My throat closes. I can barely remember Katya's voice anymore, let alone the lullabies she sang. Five years is long enough to fade even the sharpest memories.

But Valerie starts humming. Soft, melodic, some Russian lullaby I recognize from childhood. Where the fuck did she learn that?

Mila's eyes drift closed. Her grip on my shirt loosens. Within minutes, she's asleep—real sleep this time, not the nightmare-plagued kind.

I carefully lay her back down and tuck the blankets around her small body. Turn on the nightlight she still needs, and back away slowly.

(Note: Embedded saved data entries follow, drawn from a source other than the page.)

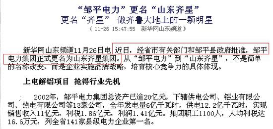 新華社2003年11月的一則報道透露了齊星集團的“前身”:經省市有關部門和鄒平縣政府批准,鄒平電力集團正式更名為山東齊星集團。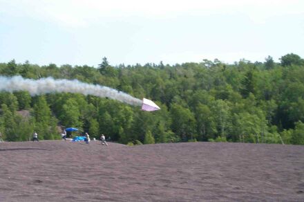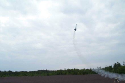 | Day 5 - The Smoky Rocket does its thing. This time the nozzle opened up fully and the rocket left quite a trail. Another feature tested on this rocket was using a Sonalert to locate the rocket after landing. This worked like a charm even though the rocket had no recovery system at all. | |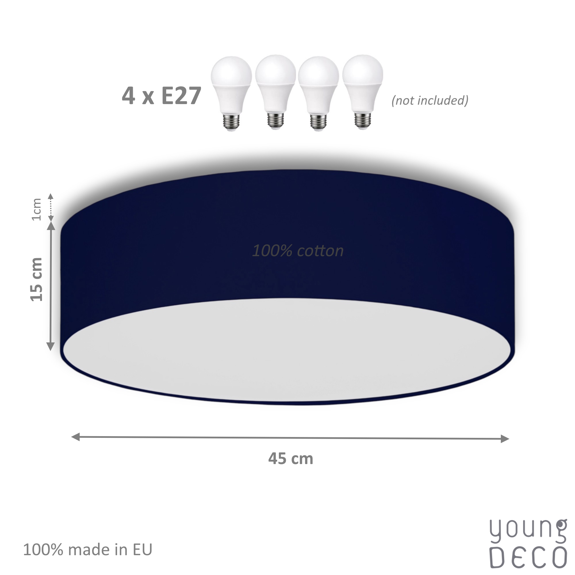 Plafony YoungDeco posiadają miejsce na wkręcenie aż 4 żarówek, dzięki czemu dają bardzo dużo światła w pokoju i są w stanie oświetlić nawet bardzo duże pomieszczenie. Plafon przychodzi w wersji jednoobowodowej z prostą instrukcją w jaki sposób można go przerobić na dwuobwodowy. Przy plafonie dwuobwodowym, czyli na podwójny włącznik, można zapalać w plafonie 2 lub 4 żarówki.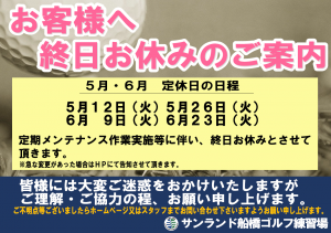 ●バンカー・グリーン場のご利用は予告なく中止させて頂く場合がございますので予めご了承の程お願い申し上げます。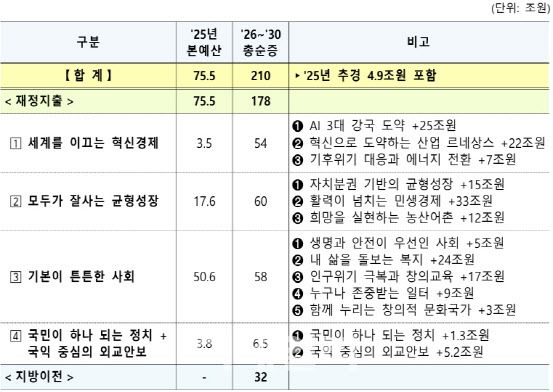 20일 국정위가 발표한 ‘이재명 정부 국정운영 5개년 계획(안)’에 따르면 정부는 핵심공약 및 주요 국정과제의 이행을 뒷받침하기 위해 쓸 총 210조원 중 5대 분야 주요 재정사업에 178조원을 투자한다. 5대 분야는 △국민이 하나 되는 정치(1조 3000억원) △세계를 이끄는 혁신경제(54조원) △모두가 잘사는 균형성장(60조원) △기본이 튼튼한 사회(58조원) △국익 중심의 외교안보(5조 2000억원) 등이다.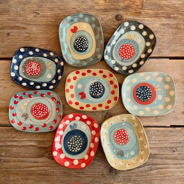 • Rechteckige kleine Teller, handbemalte Keramik, L’Atelier de Julie, 15,5x12cm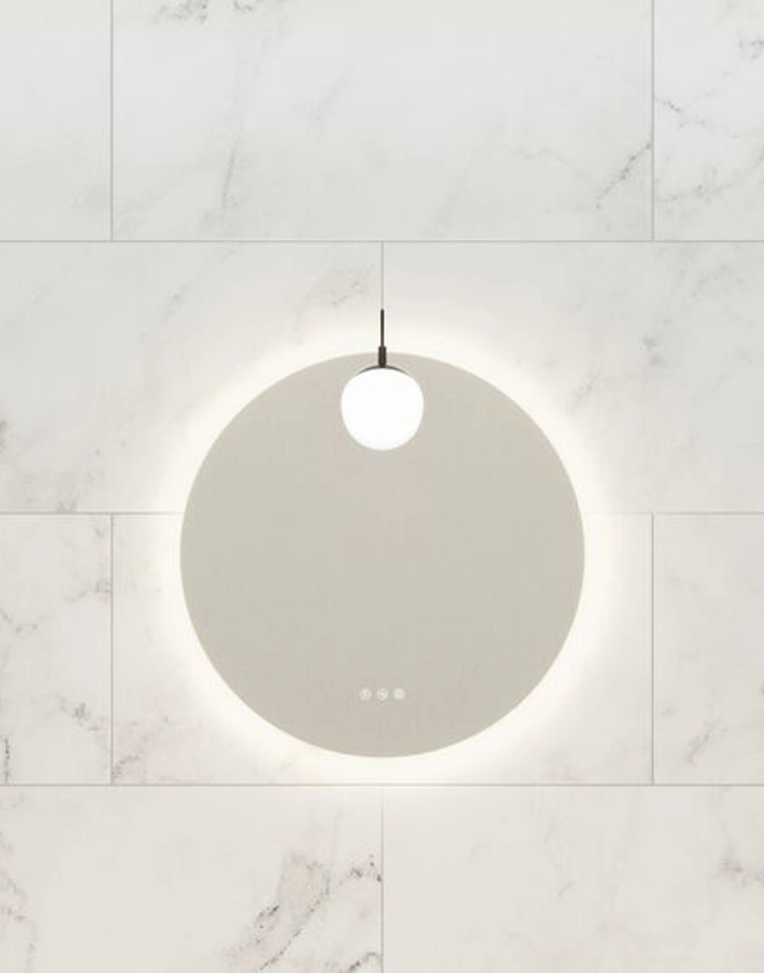 Corona is an elegant, round mirror with beautiful backlighting. The Corona mirror is available here in a version with light control, which means you can adjust both the strength and temperature of the lighting in your bathroom. The beautiful light behind the Corona mirror will adjust depending on the setting you choose. Use the Corona mirror in your bathroom or elsewhere in your home.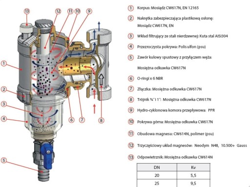 Mosiężny hydro-cyklonowy filtr magnetyczny DN25 1 1/4" europejskiego producenta BRASS FORM. Główne zalety filtra to silny magnes neodymowy, obracalna obudowa oraz wkład filtrujący ze stali nierdzewnej.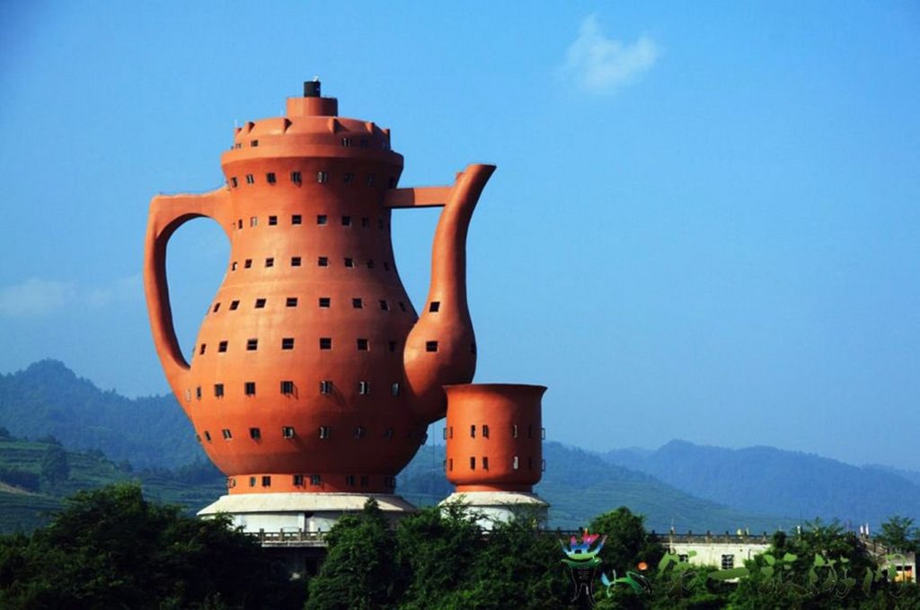 A 73.8‑meter high teapot-shaped building, located in Meitan, is the world’s biggest teapot-shaped building. It is the proud symbol of the “hometown of Chinese Green Tea” with a floor area of over 5000 square meters and a maximum diameter of 24 meters.

In the hallway, Valerie leans against the wall like her legs won't hold her.

"How did you know that song?" My voice comes out quieter than intended.

She looks up, eyes still wet. "My father used to sing it to me as a child. I thought—I thought maybe if Mila heard something her mama might have sung to her, it would help."

Something shifts in my chest. Uncomfortable. Unfamiliar.

Thoughtful. She was being thoughtful about my daughter.

I move closer, crowding her against the wall. Not threatening, just... close. Needing proximity in a way I don't want to examine.

"She's having them less," I say. "The nightmares. Since you came, they've decreased."

"Really?" Hope lights her face, genuine and unguarded.

"Really." My hand comes up, cups her face. She leans into the touch instinctively. "You're good with her, Valerie. Good for her."

"She's easy to love." The words come out simple, honest. "She's just this sweet, brave little girl who's been through hell, and all she wants is to feel safe. How could I not love her?"

The honesty does something to me.

Cracks something open that's been sealed shut since I found Katya's body, since I held my dead son, since I realized love makes you vulnerable and vulnerability gets you or people around you killed.

But Mila's thriving. Laughing again. Talking more. Clinging to Valerie like she's safety incarnate.

And maybe—maybe that's worth the risk.

"Come on." I pull her down the hallway, not toward her room but toward the main stairs. "There's something I want to show you."

She follows without question, and that trust does something to me too.

Downstairs, I lead her through corridors she's cleaned a dozen times. Past the formal rooms where I meet with other Bratva families. Past the study where I handle surface business.

To the west wing offices, where the real work happens.

"This is the legitimate side." I unlock a door, flip on the lights. "Real estate holdings, import/export companies, construction firms. All legal, all profitable, all boring as fuck."

She steps inside, eyes wide. The office is sleek—glass and steel, computers displaying property portfolios and shipping manifests. Nothing illegal, nothing that would raise flags with authorities.

"You run all this?"

"Mikhail handles day-to-day operations. I oversee strategy, acquisitions, expansion." I pull up files on the nearest monitor. "We own sixty-three properties across the tri-state area. Twelve construction companies. Six import firms that move everything from furniture to electronics."

"That's... massive."

"It's cover." I close that file, open another. "But it's also real. Employs over two thousand people. Generates enough revenue that the other side funds itself without drawing attention."

She's looking at the screen, genuinely interested. Asks intelligent questions about revenue streams, property values, and expansion strategies. Not pretending to understand, but actually understands.